◆ **DATA SECTION**:
- Opening Delimiter -
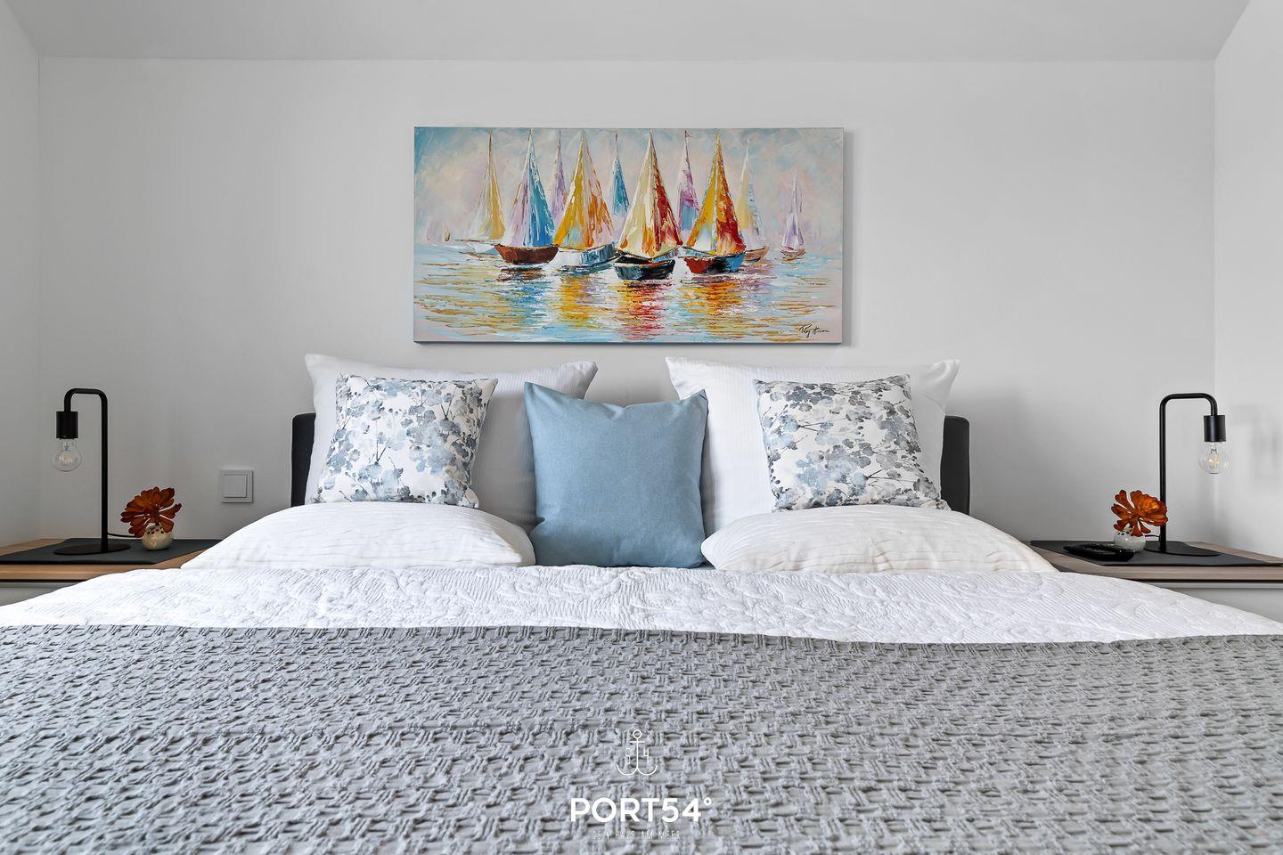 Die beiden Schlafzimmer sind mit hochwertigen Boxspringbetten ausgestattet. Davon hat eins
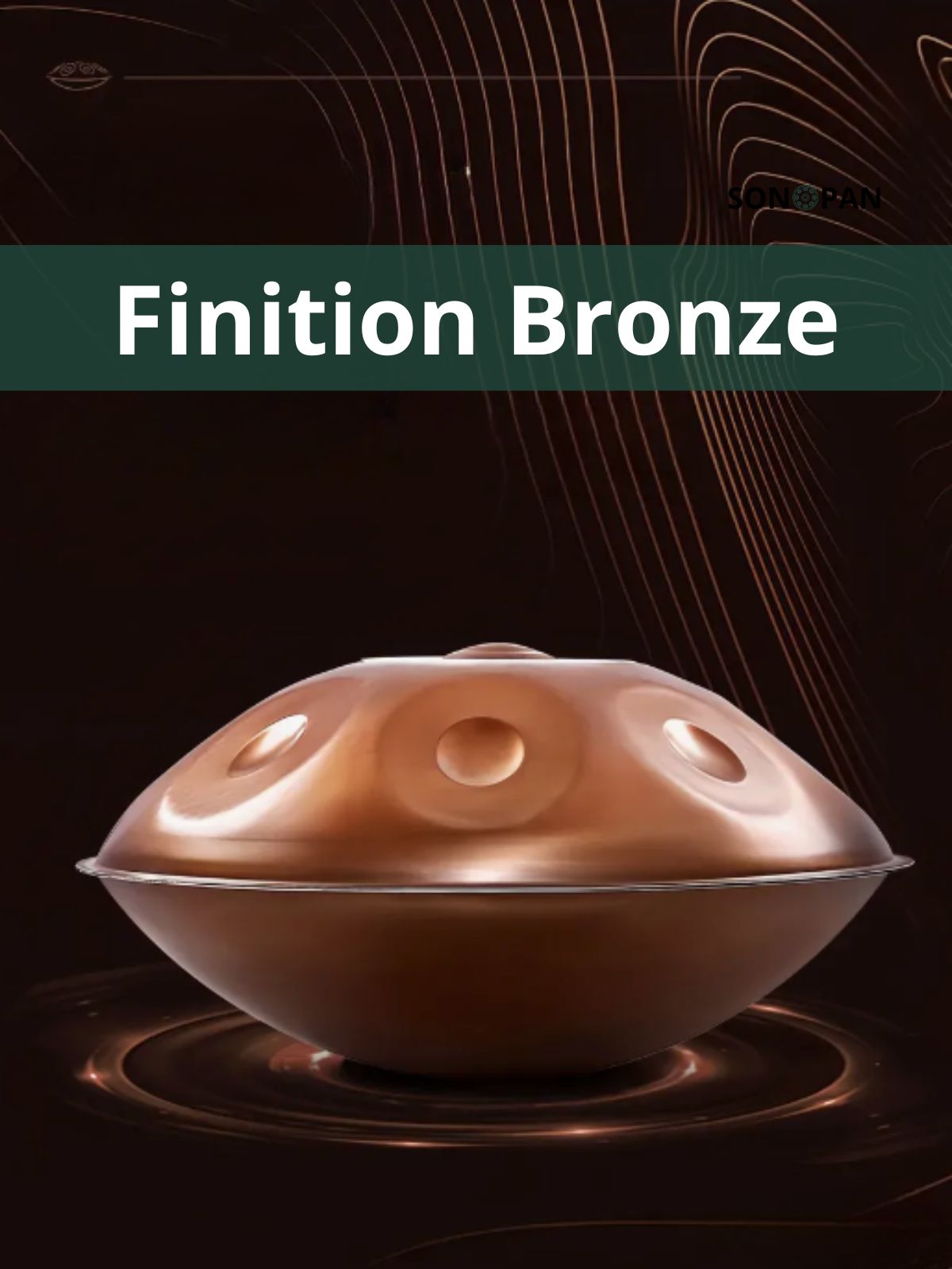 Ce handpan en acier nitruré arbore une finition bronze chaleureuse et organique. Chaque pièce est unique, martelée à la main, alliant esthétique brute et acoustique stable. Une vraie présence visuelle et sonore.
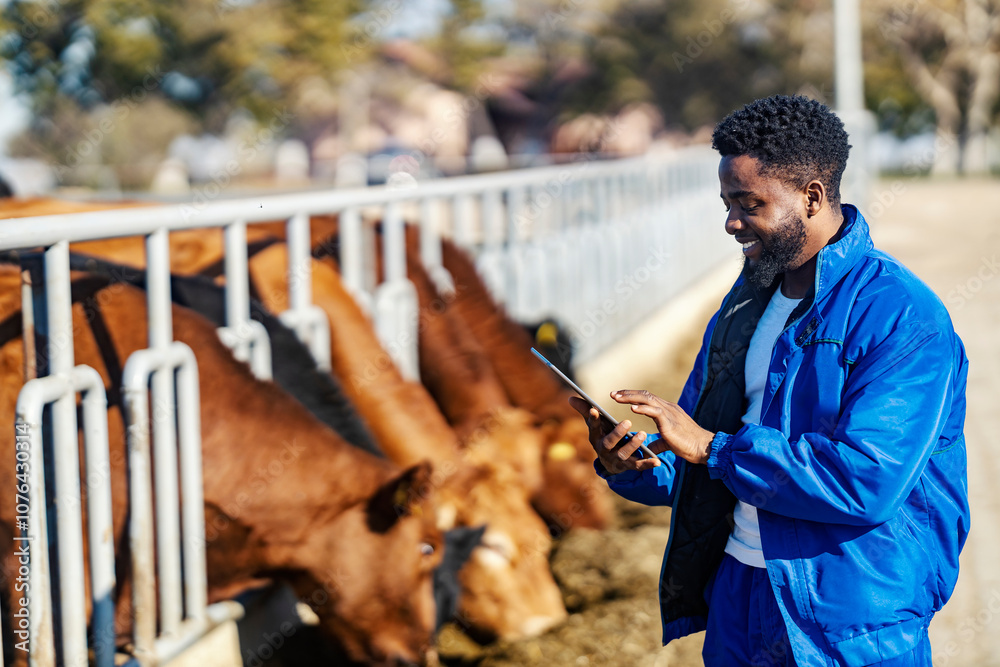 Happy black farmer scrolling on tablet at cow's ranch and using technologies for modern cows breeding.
- Closing Delimiter -
With the pictures left out, return the listing above exactly as it stands.

 Die beiden Schlafzimmer sind mit hochwertigen Boxspringbetten ausgestattet. Davon hat eins
 Ce handpan en acier nitruré arbore une finition bronze chaleureuse et organique. Chaque pièce est unique, martelée à la main, alliant esthétique brute et acoustique stable. Une vraie présence visuelle et sonore.
 Happy black farmer scrolling on tablet at cow's ranch and using technologies for modern cows breeding.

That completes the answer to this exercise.